Frequently Asked Questions

Common questions about DataYoga Transform

How is DataYoga Transform different from traditional ETL tools?

DataYoga Transform focuses on simplicity and flexibility. Instead of complex workflows or proprietary interfaces, you define pipelines in simple YAML files. This means faster development, easier maintenance, and no vendor lock-in.

Can I use DataYoga Transform alongside my existing data tools?

Yes! DataYoga Transform is designed to complement your existing stack. Use it for specific pipelines while keeping your current tools, or gradually migrate processes as needed.

Can I use DataYoga Transform for AI/ML pipelines?

Absolutely! DataYoga Transform makes it easy to build AI-enabled data pipelines. You can transform data streams into embeddings, connect to vector databases, and power real-time AI applications - all using the same simple YAML configuration you use for traditional pipelines.

Do I need to be a Python expert to use DataYoga Transform?

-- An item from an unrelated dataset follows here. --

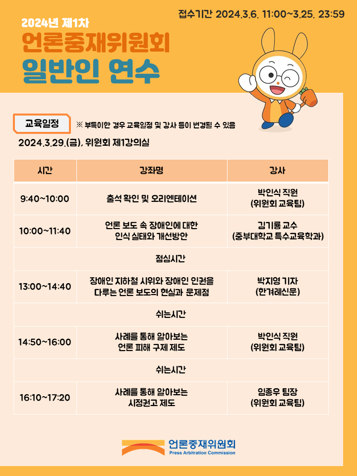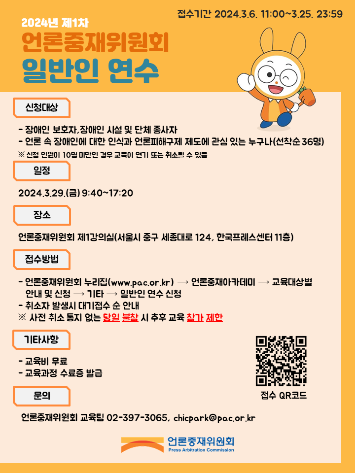 - 접수방법: 언론중재위원회 누리집 선착순 접수(선착순 36명)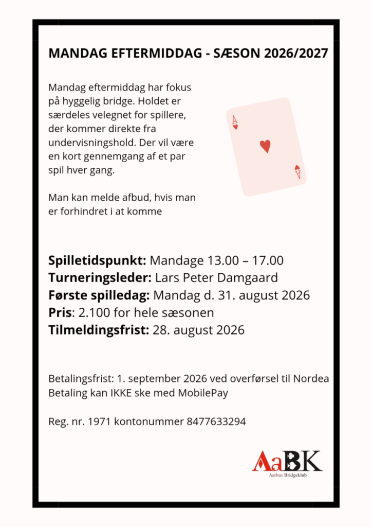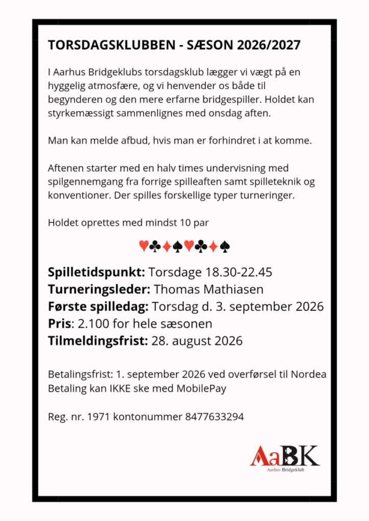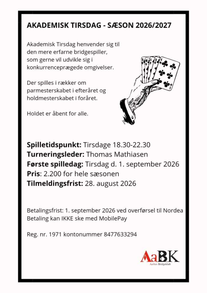 Næste sæson i Aarhus Bridgeklub løber fra 28. august 2026 – april 2027. Tilmeldingen er åbnet. Tilmeld jer her.

Not at all. While DataYoga is built in Python, you define pipelines using YAML configuration files. No Python coding required for standard pipelines.

How scalable is DataYoga Transform?

DataYoga Transform handles everything from simple one-off pipelines to production streaming workloads. Built-in features like back-pressure handling and checkpointing ensure reliable processing at scale.

Can I extend DataYoga Transform's functionality?

Yes! While the built-in blocks cover most needs, you can easily create custom blocks for specific requirements. The pluggable architecture makes extending functionality straightforward.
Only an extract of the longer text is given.